Output: Translated content in Norwegian, formatted in JSON.

Useful References:

Interaction:

Features

Bilingual Translation: Converts English text into Norwegian while preserving the original context and nuances.
Dual Model Approach: Uses the strengths of both GPT and PALM models for translation.
JSON Output: Easy integration and usage in various applications due to JSON format.

Dependencies

To run this project, you need to install the following Python libraries:

!pip install openai
!pip install python-dotenv
!pip install "shapely<2.0.0"
!pip install python-telegram-bot
!pip install google-cloud-aiplatform==1.35.0

Setup and Authentication

ENVIRONMENT FILE

Before using the OpenAI GPT API, you need to set up your environment with the necessary API key. Follow these steps to get started:

Create a .env file in your project's root directory. This file will store your OpenAI API key securely. The content of the .env file should be as follows:
```
OPENAI_API_KEY=your_api_key_here
```
Replace your_api_key_here with your actual OpenAI API key.

OpenAI GPT API

Set your OpenAI API key:

import os
from openai import OpenAI
from dotenv import load_dotenv

# Load environment variables from .env file
load_dotenv()

# Initialize the OpenAI client with your API key
client = OpenAI(
 api_key=os.environ.get("OPENAI_API_KEY")
)

Google Gemini Pro API using Google Colab

Initialize Vertex AI with your Google Cloud project details:

from google.colab import auth as google_auth
google_auth.authenticate_user()

import vertexai
from vertexai.language_models import TextGenerationModel
from google.api_core.exceptions import ResourceExhausted
from vertexai.preview.generative_models import GenerativeModel, Part

vertexai.init(project="your-gcp-project", location="your-gcp-location")

parameters = {
 "candidate_count": 1,
 "max_output_tokens": 2048,
 "temperature": 0.9,
 "top_p": 0.8,
 "top_k": 40
}

# model = TextGenerationModel.from_pretrained("text-bison")
# model = TextGenerationModel.from_pretrained("text-unicorn@001")
model = GenerativeModel("gemini-pro") ### from the Gemini models family

Using the APIs

To use both APIs, you will be sending prompts to each model and then processing their outputs.

GPT API Usage

Create a prompt for the GPT model.

Send the prompt to the GPT API and retrieve the response:

prompt = "your-prompt-for-gpt"
title_response = client.chat.completions.create(
    messages=[{"role": "user","content": prompt}],
    # max_tokens=600,
    # temperature=0.9,
    model="gpt-4-0125-preview"
)
json_output_gpt = title_response.choices[0].message.content

Bonus: Calculating number of tokens in a prompt.

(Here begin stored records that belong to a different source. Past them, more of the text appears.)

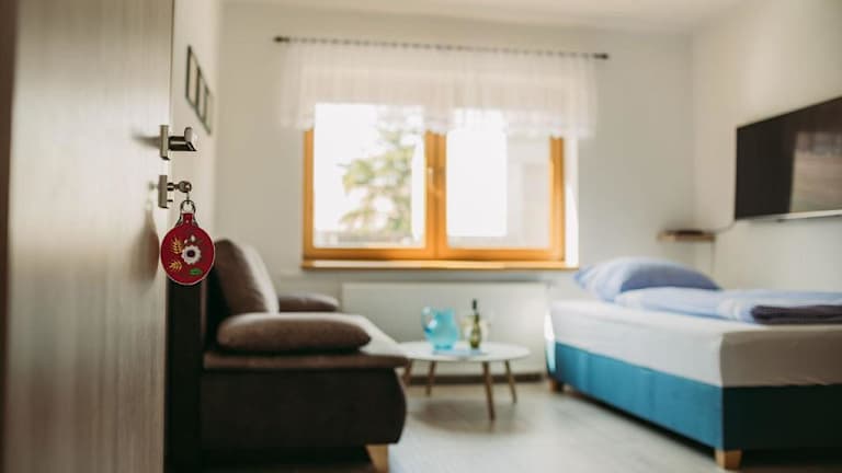 In der Umgebung des Apartments können Sie wunderbar wandern und die Schönheit der Natur genießen. Entdecken Sie die Gegend und besuchen Sie Sehenswürdigkeiten wie das Minaret oder das Schloss Jan, die beide in der Nähe liegen. Der Flughafen Brünn ist etwa 52 km entfernt und bietet eine gute Anbindung an das Apartment.
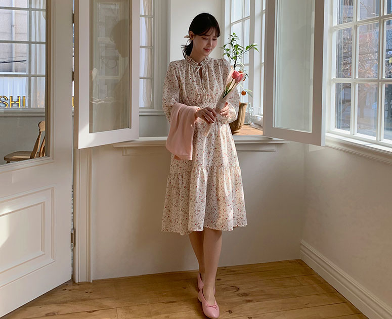 임부복*작은꽃 프릴넥 원피스
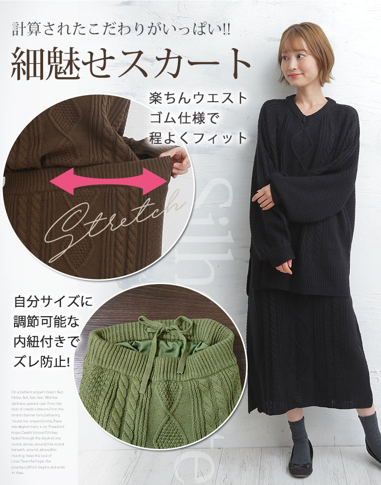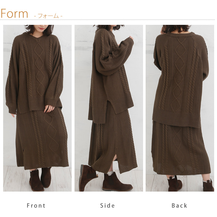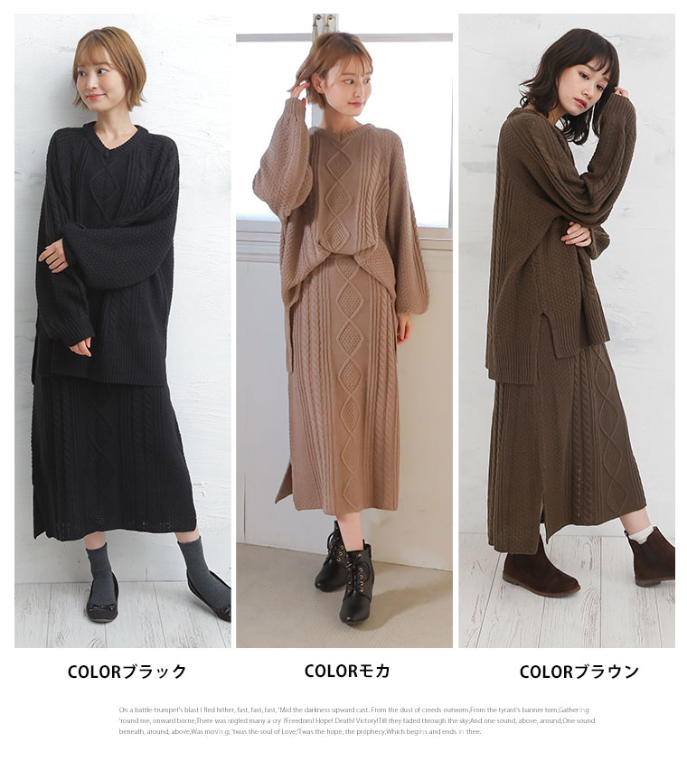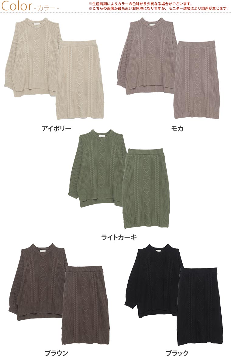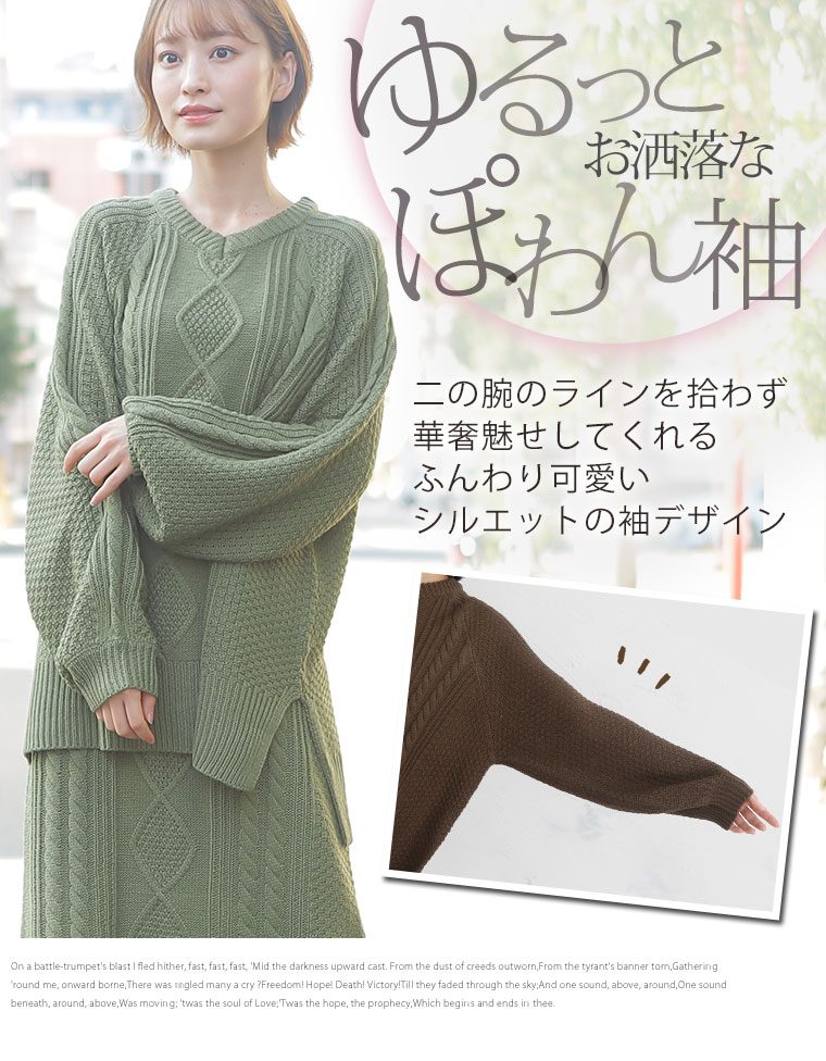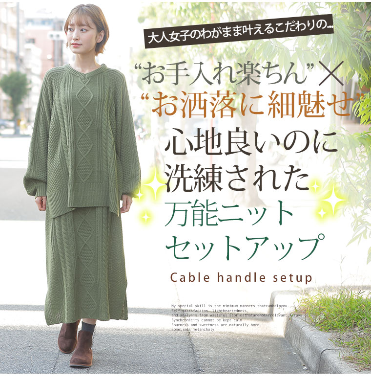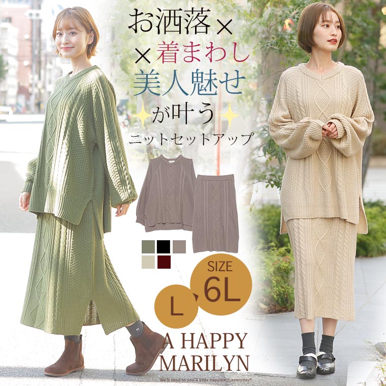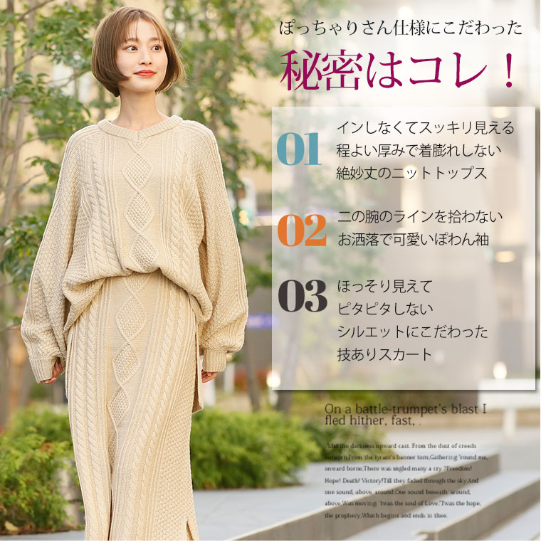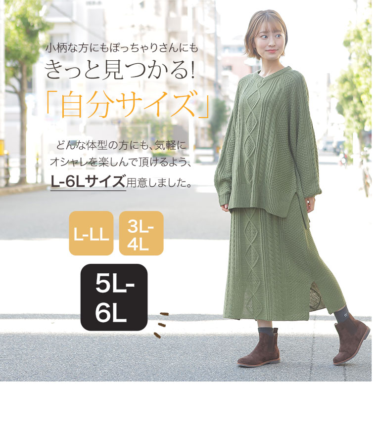 オリジナル 上下セット set LL 3L 4L 5L 6L 冬 冬物 冬服 ぽっちゃり ゆったり ニットアップ かわいい おしゃれ カジュアル ナチュラル アクリル バルキー ケーブル柄 セットアップ
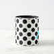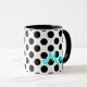 tasse de café à pois polka personnalisée en noir, aqua et blanc.
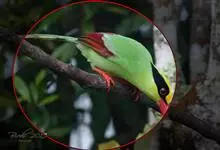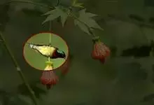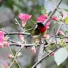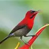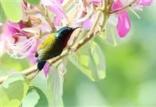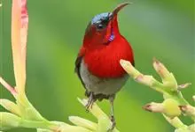 叉尾太阳鸟,雀形目太阳鸟科太阳鸟属留鸟;为小型鸟类,雄鸟头顶辉蓝绿色,上体橄榄绿色,腰明黄色,中央尾羽亮翠蓝色,羽轴针状延长,外侧尾羽黑色具白色端斑,头侧黑色,颜、喉和胸为绛红色,…全部>>
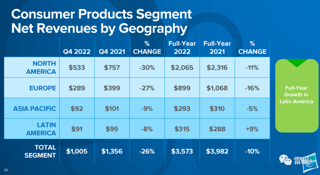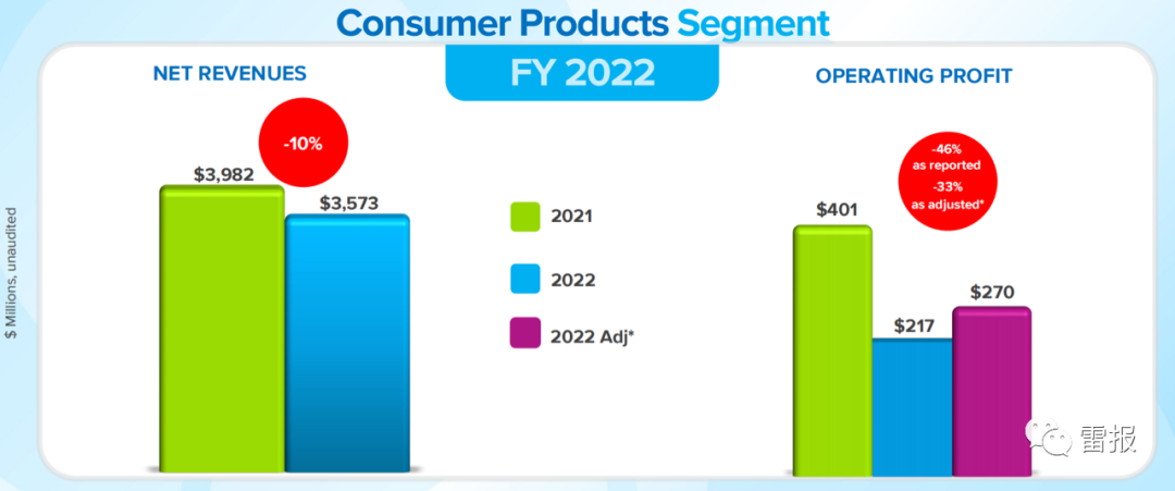 整体来看22年Q4和全年孩之宝的品牌组合业绩表现,可以说是“令人挠头”的——和消费品在各地区的收入表现一样“全线飘绿”,Q4最大下跌达到30%,全年则下跌了4%至17%不等。
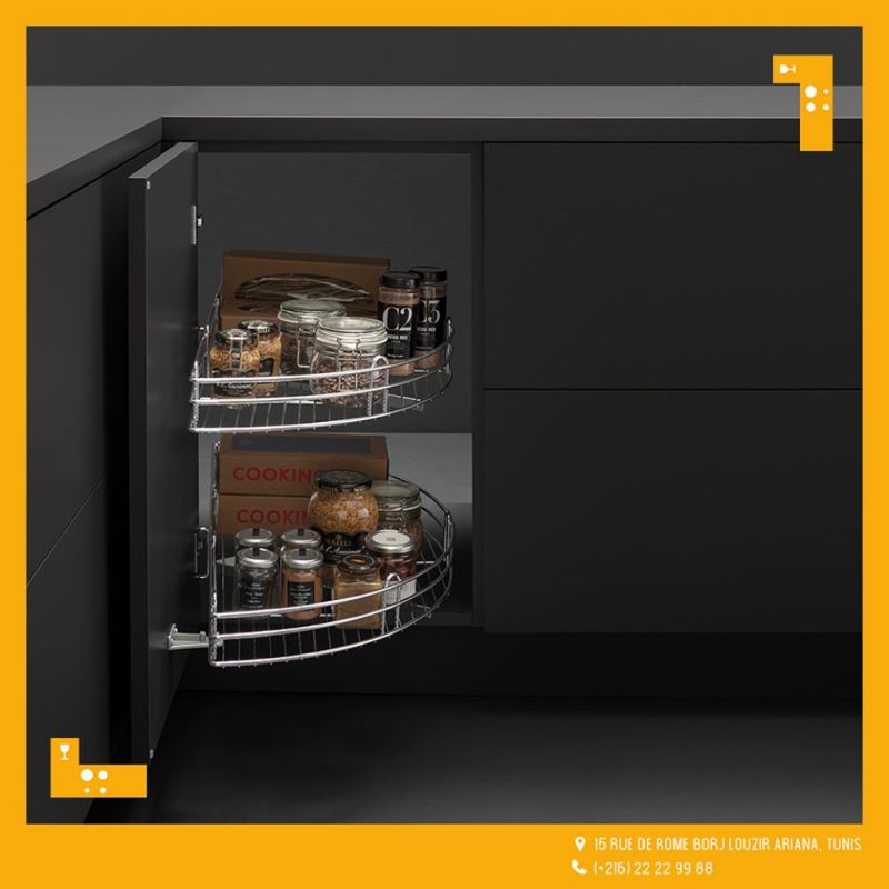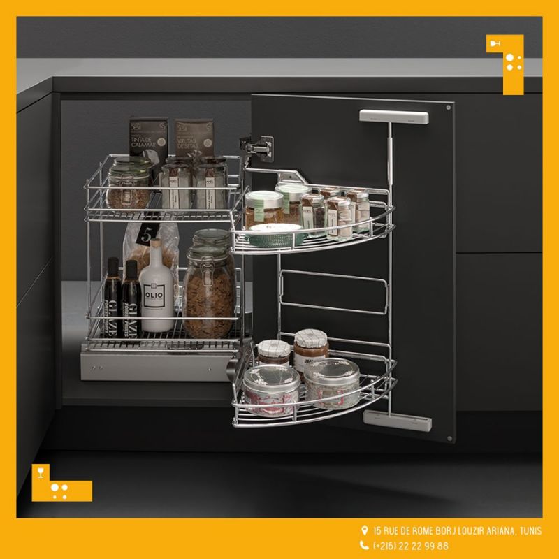 Porte couvert, Porte assiette… ou être complètement séduits par les accessoires d’angle tels que dynamic corner, easy corner, ou simplement vous serez tenté par notre Tiroir à l’anglaise
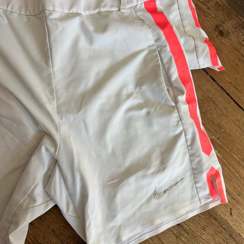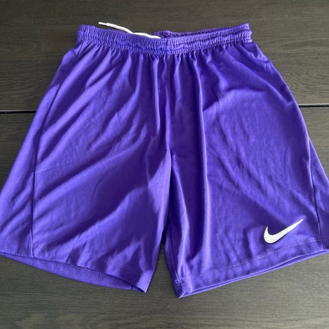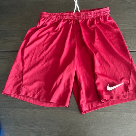 Nike Dri-Fit shorts for herre i sort med røde detaljer. Laget av lett og pustende materiale, ideelt for trening og sportsaktiviteter. Størrelse S.
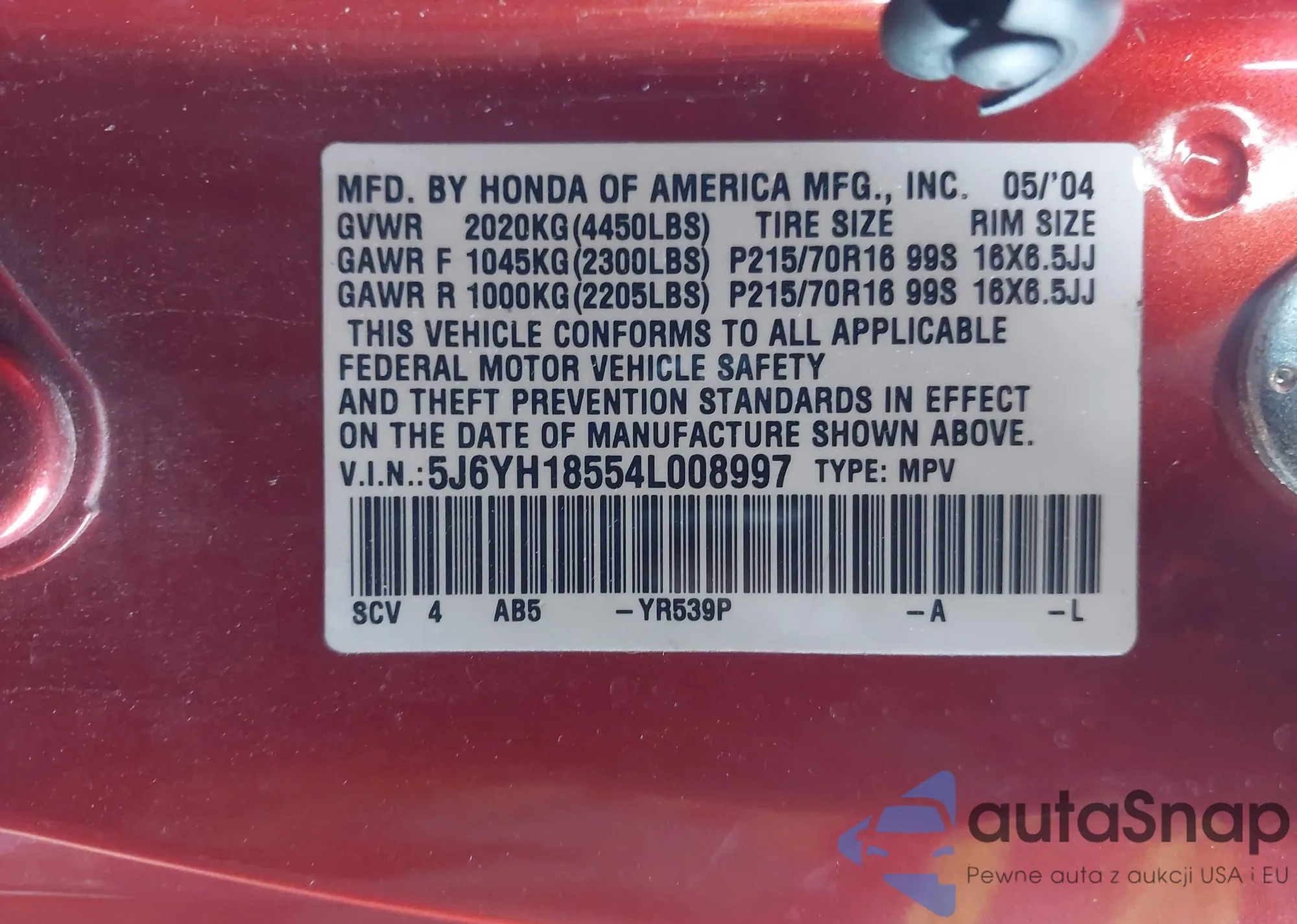 LOT: 44080382 VIN: 2HGFG11857H531346

The function num_tokens_from_string takes a string (the prompt) and an encoding name. It first tries to get the encoding directly using tiktoken.get_encoding.

import tiktoken

def num_tokens_from_string(string: str, encoding_name: str) -> int:
    """
    Returns the number of tokens in a text string according to a specified encoding.

    Parameters:
    string (str): The text string to be tokenized.
    encoding_name (str): The name of the encoding or model to use for tokenization. 
        Encoding values: cl100k_base, r50k_base, p50k_base.
        Model values: gpt-3.5-turbo, gpt-3.5-turbo-1106, gpt-3.5-turbo-0125, gpt-4, gpt-4-1106-preview, gpt-4-0125-preview

    Returns:
    int: The number of tokens in the text string.
    """
    try:
        # Attempt to get the encoding directly
        ### cl100k_base, r50k_base, p50k_base as encoding_name
        encoding = tiktoken.get_encoding(encoding_name) 
    except ValueError:
        # If direct retrieval fails, attempt to map the model name to an encoding
        try:
            ### gpt-3.5-turbo, gpt-3.5-turbo-0125, gpt-4, gpt-4-1106-preview, gpt-4-0125-preview as encoding_name
            encoding = tiktoken.encoding_for_model(encoding_name)
        except KeyError as e:
            # If mapping also fails, raise the error
            raise e

    # Encode the string and return the number of tokens
    l_tokens = encoding.encode(string)
    num_tokens = len(l_tokens)
    return num_tokens, l_tokens

Note

Don't forget to install tiktoken by running pip install tiktoken.

Gemini Pro API Usage

Set parameters for the Gemini model.

Send the same or a modified prompt to the PALM API and retrieve the response:

prompt = "your-prompt-for-gemini"
response_gemini = model.generate_content(prompt, generation_config=parameters)
json_output_palm = response_gemini.text

Combining the Outputs

After receiving responses from both APIs, you can compare, contrast, or combine the outputs as needed for your project. This might involve additional processing or data manipulation based on your specific requirements.

Script Overview

The main Python script performs several key functions:

GPT Notebook
- Translation and Generation: It takes English titles, sends them to the LLM API, and retrieves Norwegian translations.
- Data Handling: Combines CSV files, processes data, and handles errors efficiently.
- Custom Functions: Includes functions like replace_mayusculas_noruego for specific text manipulations in Norwegian.
PALM (Gemini Pro) Notebook
- Translation and Generation: Takes titles and descriptions, sends them to the PALM API (models: text-bison, text-unicorn and gemini-pro), and retrieves translations.
- Vertex AI Integration: Uses Vertex AI for managing model interactions.
- Custom Functions: Includes specific text manipulations and data handling routines.

Acknowledgements

GPT-3.5 and GPT-4 by OpenAI
Gemini Pro (also including Bison and Unicorn models) by Google

Contributing

Contributions to NordicTranslator-GPT-PALM are welcome! Here's how you can contribute:

Fork the repository on GitHub. Create a new branch for your proposed feature or fix. Commit your changes with an informative description. Push your branch and submit a pull request. We appreciate your input!

License

NordicTranslator-GPT-PALM is open source software licensed under the MIT License. See the LICENSE file for more details.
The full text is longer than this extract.